Vanguard has denied the allegations.
The organization has been in fiscal straits as of late, with several of its related companies reorganizing in bankruptcy. The parent company and several of those reorganized companies will pay $5.1 million toward the settlement, while two Vanguard-owned entities that are liquidating in bankruptcy will spot $13.5 million in "allowed claims."
Due to the filing of bankruptcy proceedings by the Vanguard entities, the DOJ expects the total government recovery in this case will exceed about $6 million.
Vanguard will enter a five-year Corporate Integrity Agreement with the Office of the Inspector General, during which time the organization is to retain a quality of care monitor.
The False Claims Act imposes treble damages and penalties on those who submit false claims for federal funds.

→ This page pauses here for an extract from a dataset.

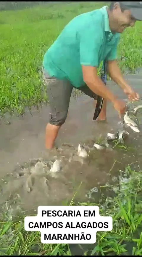 #tempo de inverno os peixes 🐟 🐟 🐟 caem nos campos alagados pelo Maranhão.
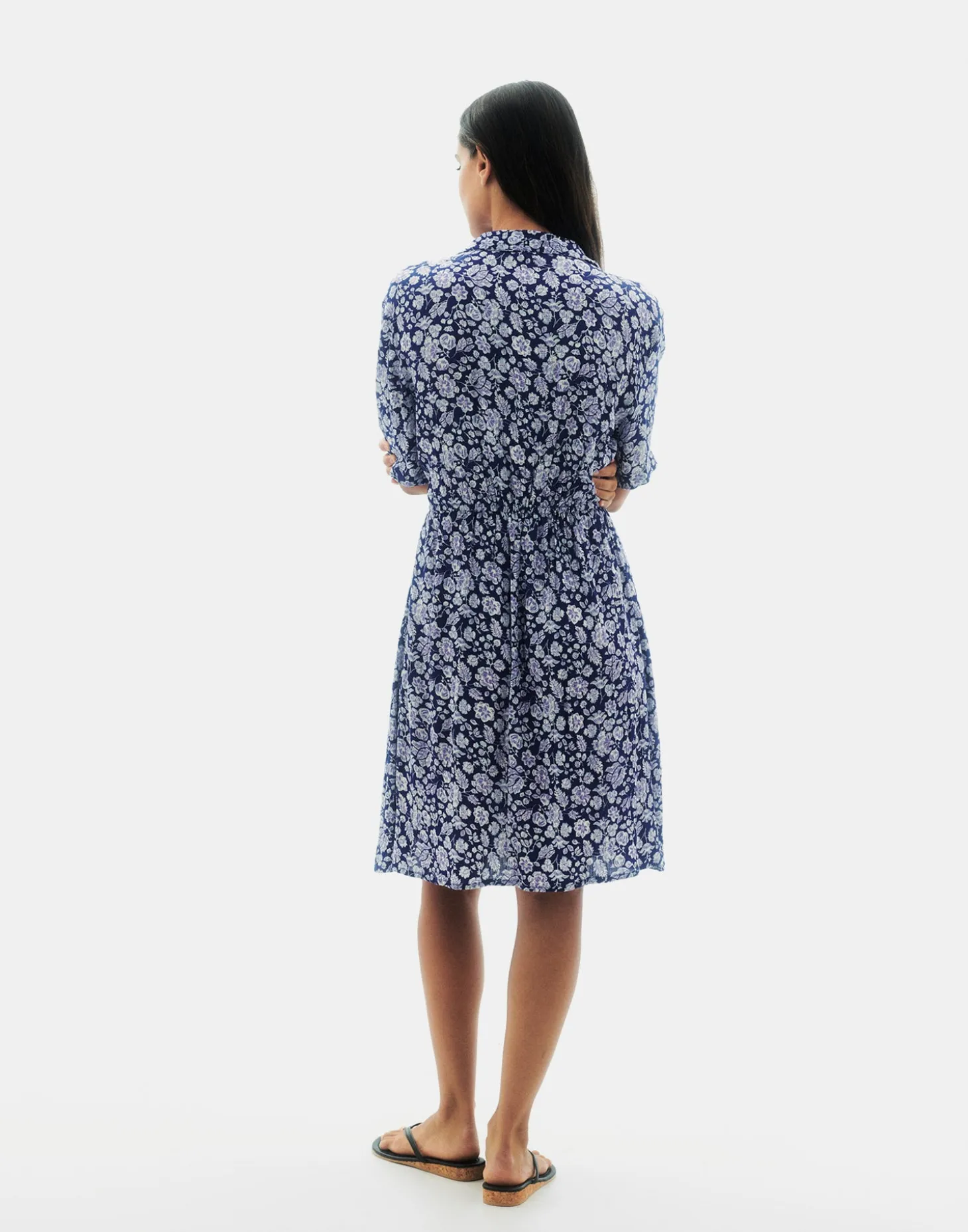 Vestido de manga corta con estampado floral, cuello solapa, cintura elástica y escote de pico con cierre parcial de botones.

Vanguard is a holding company that owns a chain of subsidiary skilled nursing facilities, including Boulevard Terrace Rehabilitation and Nursing Center in Murfreesboro, Tennessee; Glen Oaks Health and Rehabilitation in Shelbyville, Tennessee; and Manchester Health Care Center in Manchester, Tennessee.
Vanguard isn't the only healthcare entity that's been caught in the snares of the False Claims Act this year. In January it was announced that pharmacy giant Walgreens will pay nearly $270 million as part of two major settlements: one that alleged the company had improperly billed federal healthcare programs for insulin pens it distributed to beneficiaries who didn't need them; and another that alleged Walgreens failed to disclose and charge lower drug prices offered through a discount program.
Walgreens did not admit any wrongdoing as part of either settlement.